I haven't posted pics here of him yet but this is my li'l 1yr old red.
Before anyone says anything my 4yr old daughter named him (yes him has buttons) after Mr. Satan fom Dragon Ball Z (in the US they changed the name to Mr. Hurcule)

here he is after the 2nd shed in a month


----------



## DaveDragon (Jul 18, 2010)

Looks good. Does he live up to his name? ;?)


----------



## DMBizeau (Jul 18, 2010)

That is one outstanding red, if all reds looked like that I would get a red.


----------



## Pikey (Jul 18, 2010)

yes he does live up to it some times, every so offen he's goten "nippy" and cuts up my wrists too, but he is getting better (and mostly acts tuff but then will run and hide)


I just LOVE the higher amount of white on his sides & almost no white on his back...Makes it look like he has a Mohawk


----------



## tora (Jul 18, 2010)

DMBizeau said:


> That is one outstanding red, if all reds looked like that I would get a red.



Going through the pics I said the exact same thing, and even said it to my husband, haha. Those contrasting colors are stunning. :drool


----------



## the enigma (Jul 18, 2010)

Yeah thats one good looking red. Zilla used to cut up my wrists and arms pretty bad. All my freinds were like "did you start cutting yourself?"


----------



## TEGU_JAKE (Jul 18, 2010)

Thats the nicest red ive ever seen. Cant wait to see how he looks when hes big


----------



## Herplings (Jul 18, 2010)

DMBizeau said:


> That is one outstanding red, if all reds looked like that I would get a red.

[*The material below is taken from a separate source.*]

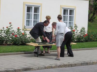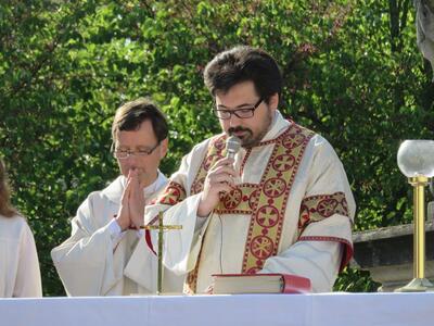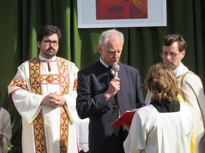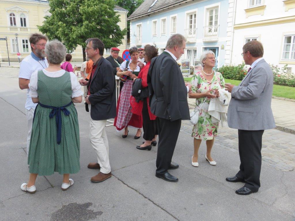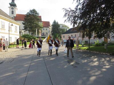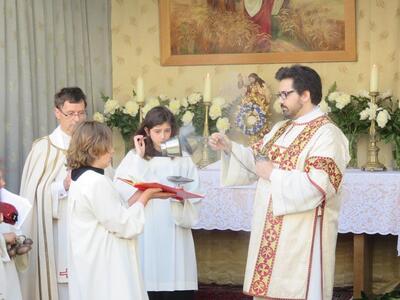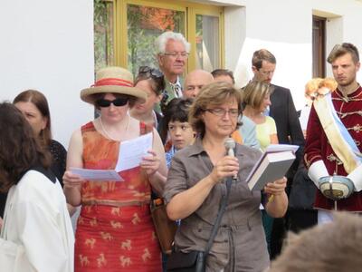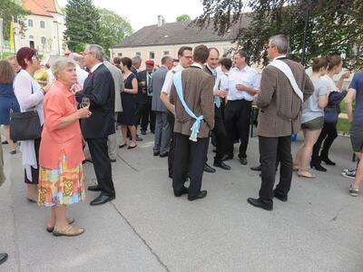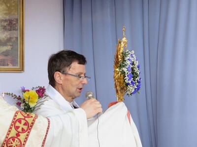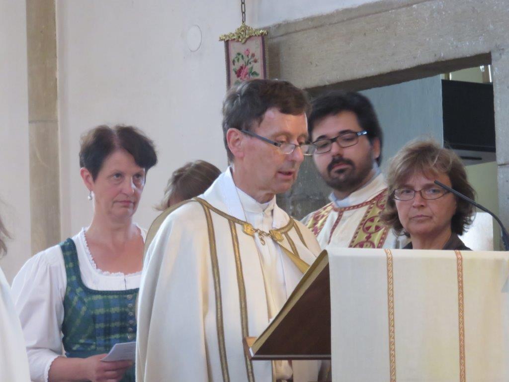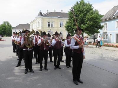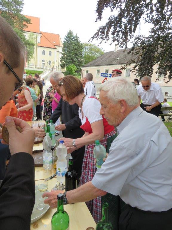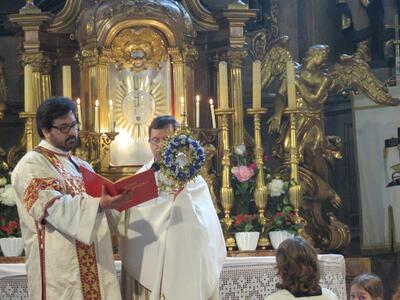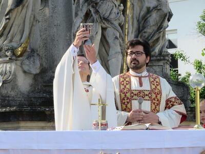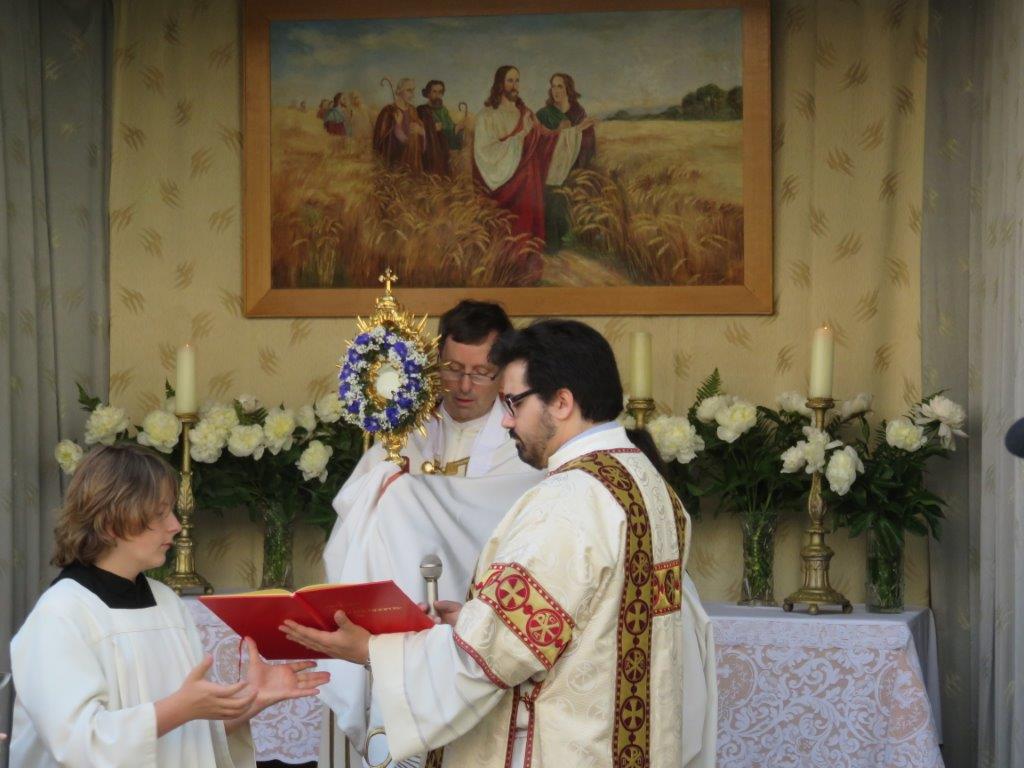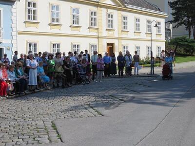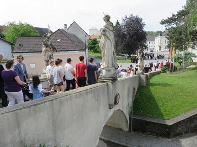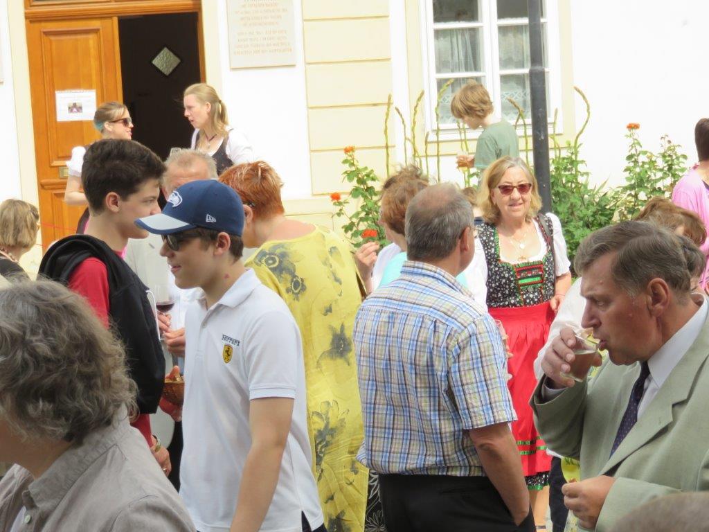Am Sonntag, 29. Mai begangen wir das Fronleichnamsfest. Was wir an Fronleichnam feiern, ist die Freude darüber, dass Jesus wirklich unter uns gegenwärtig ist. Dazu schmückten wir die Fenster der Häuser am Wege der Prozession, daher zogen wir mit Musik, Gesang, mit Fahnen und festlicher Kleidung durch unsere Straßen. Deshalb nennen wir dieses Brot das „Allerheiligste“. Der Priester trug es in einer prächtigen Monstranz, unter dem „Himmel“, segnet damit unsere Gemeinde und alle Menschen, besonders die Kranken, Bedrängten und Notleidenden.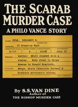 The Scarab Murder Case (1930) is a classic whodunit written by S. S. Van Dine. In this book, detective Philo Vance's murder investigation takes place in a private home that doubles as a museum of Egyptology, and the solution depends in part on Vance's extensive knowledge of Egyptian history and customs, which enable him to sort through suggestions of godly vengeance and reveal the misdirections perpetrated by the real murderer.

You could have taken the words out of my mouth.

That is a very awesome Red.


----------



## reptastic (Jul 18, 2010)

double post! sorry


----------



## reptastic (Jul 18, 2010)

man he looks awesome, i hope the pair of reds i plan to get next year are as colorful as him and pyro was. oh and you lucked lol my red never backed down he would charge me and he was a lil guy.


----------



## Pikey (Jul 18, 2010)

Thanks every one, when i first got him just a few weeks ago he was finishing up a shed then looked purple for about a week then, BAM he shed again and was such a bright red with alot of white on his sides and belly. I just had to show him off. In a year or 2 i'll try to breed him with my pink/red female & see what happens. or maybe with my yellow b&w female (she's his age, but like 1ft longer)


----------



## Guest (Jul 18, 2010)

Go for the yellow, maybe you'll get a tegu that looks like it's covered in flames  or not, but awesome red either way.


----------



## Pikey (Jul 18, 2010)

yeah i was thinking the yellow one if she stays yellow, or maybe even the blue i'll be getting this week (she'll be his age too)

but i've seen most males can breed at 2yrs+ but females 3+
So next year the red then the year after maybe the blue, then the yellow if he's up to it...lol

but we'll wait and see how things pan out


----------



## txrepgirl (Jul 19, 2010)

tora took the words out of my mouth. You did, too. I LOVE the way he looks. He is just one awsome looking red  . I hope it will stay like this.


----------



## Guest (Jul 19, 2010)

WOW! That guy is one handsome devil!

HAIL SATAN! :twisted:


----------



## DaveDragon (Jul 19, 2010)

JonC said:


> WOW! That guy is one handsome devil!
> 
> HAIL SATAN! :twisted:


I never thought I'd hear that in this forum!! :mrgreen:


----------



## Guest (Jul 19, 2010)

DaveDragon said:


> JonC said:
> 
> 
> > WOW! That guy is one handsome devil!
> ...




It's such the obvious joke, I'm surprised nobody beat me to it!


----------



## Pikey (Jul 19, 2010)

it never even crossed my mind "Handsome Devil" until you said it then i was like Satan/Devil..... Oh Duh


----------



## GraphiK (Jul 19, 2010)

He's gorgeous Pikey! Congrats!


----------



## Melissa (Jul 20, 2010)

I normally do not like the reds but he is a very nice looking boy.


----------



## Guest (Jul 22, 2010)

That sure is a handsome devil! Why is it that I feel an urge to get more reds all of a sudden... *hehe*


----------



## thomasjg23 (Aug 16, 2010)

I just picked up a red and I hope he looks something like this! that is one awesome tegu you have there.


----------